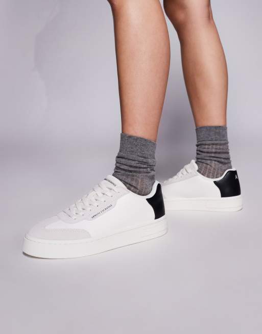 Armani Exchange – Buty sportowe w kolorze złamanej bieli i czarnym z logo
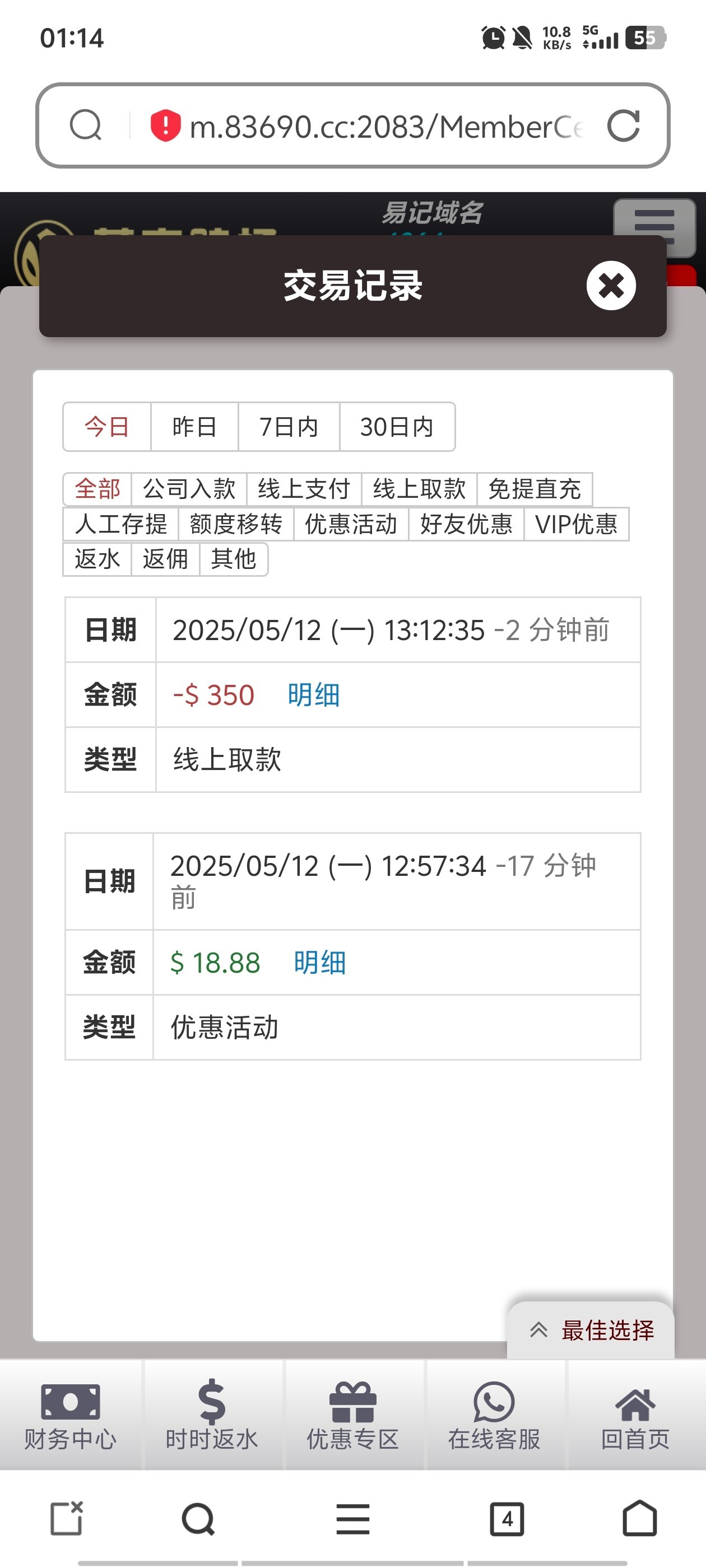 回访彩金打到350提,第一次提被扣到188,最高只能提那么多,但是只能用k宝和他们网站的钱包,k宝绑的不是我的,他们的网站我又不想实名,已经挂逼了但就是不想卖资料,才188实名个鸡巴,钱能台五一到现在一直输没赢过,妈的这逼台18.8回访打到350,提了被扣,想着免提直充再提别的钱包,188又干到900,还是不行,直接欢乐豆输完睡觉
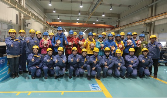 الصورة الجماعية بين " طلبة XCMG تحت التجربة " و عاملات " الجماعة النسوية المتحضرة لمقاطعة جيانغسو" فى حلقة تصنيع الواقيات المطاطية
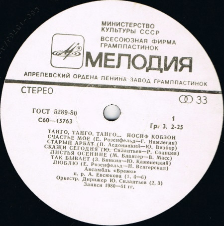 - Recorded By – Всесоюзная Студия Грамзаписи
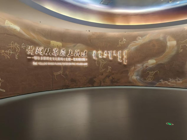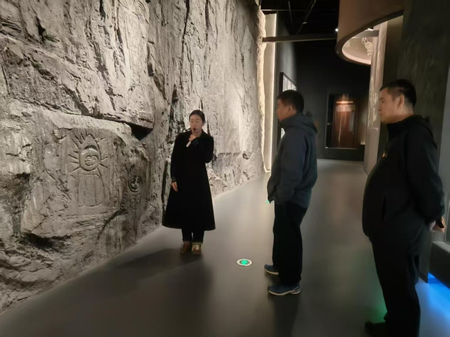 在博物院展廳內(nèi),黨員們循著“黃河從草原上流過——鄂爾多斯歷史文化陳列”的脈絡沉浸式參觀。從“河套人頭蓋骨”見證的遠古文明,到“朱開溝中華第一銅劍”承載的早期冶金技術,從“鄂爾多斯青銅器”展現(xiàn)的草原絲路風采,到VR技術復原的秦直道盛景,文物與科技的融合讓大家直觀感受了黃河文化、草原文化與農(nóng)耕文化在鄂爾多斯的碰撞交融 。在“桌子山太陽神巖畫”等文物前,黨員們駐足細品,深入了解鄂爾多斯地區(qū)在多民族交往交流交融中的重要歷史地位,進一步堅定了文化自信。
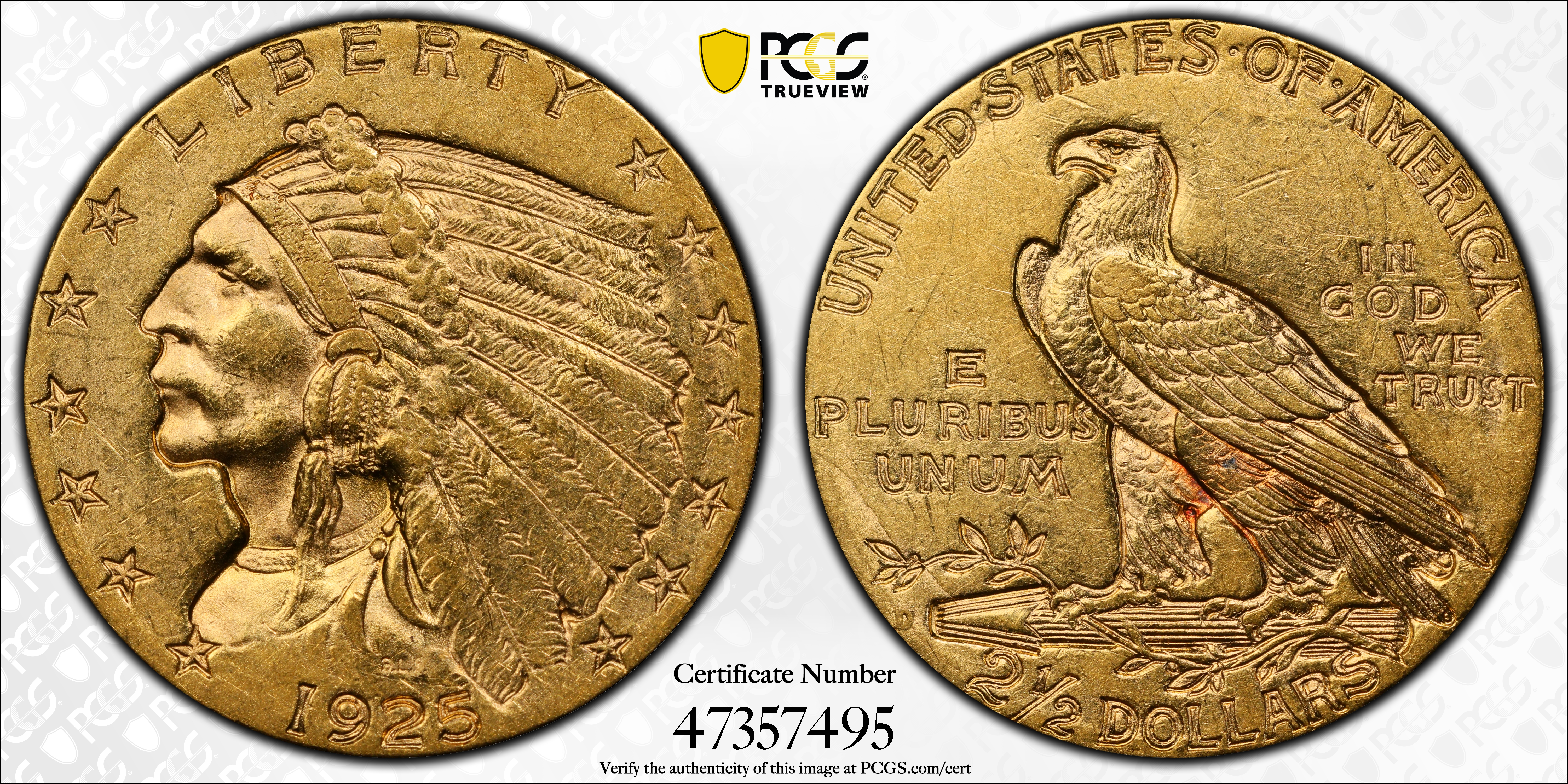 1925-D $2.50 AU58 认证号47357495, PCGS号7949
^^^^^^^^^^^^^^^^
Task details
Pictures must be left out. Return verbatim only the lines from the line with "الصورة الجماعية بين" through the final line of the material above, including both ends.

Expected output
 الصورة الجماعية بين " طلبة XCMG تحت التجربة " و عاملات " الجماعة النسوية المتحضرة لمقاطعة جيانغسو" فى حلقة تصنيع الواقيات المطاطية
 - Recorded By – Всесоюзная Студия Грамзаписи
 在博物院展廳內(nèi),黨員們循著“黃河從草原上流過——鄂爾多斯歷史文化陳列”的脈絡沉浸式參觀。從“河套人頭蓋骨”見證的遠古文明,到“朱開溝中華第一銅劍”承載的早期冶金技術,從“鄂爾多斯青銅器”展現(xiàn)的草原絲路風采,到VR技術復原的秦直道盛景,文物與科技的融合讓大家直觀感受了黃河文化、草原文化與農(nóng)耕文化在鄂爾多斯的碰撞交融 。在“桌子山太陽神巖畫”等文物前,黨員們駐足細品,深入了解鄂爾多斯地區(qū)在多民族交往交流交融中的重要歷史地位,進一步堅定了文化自信。
 1925-D $2.50 AU58 认证号47357495, PCGS号7949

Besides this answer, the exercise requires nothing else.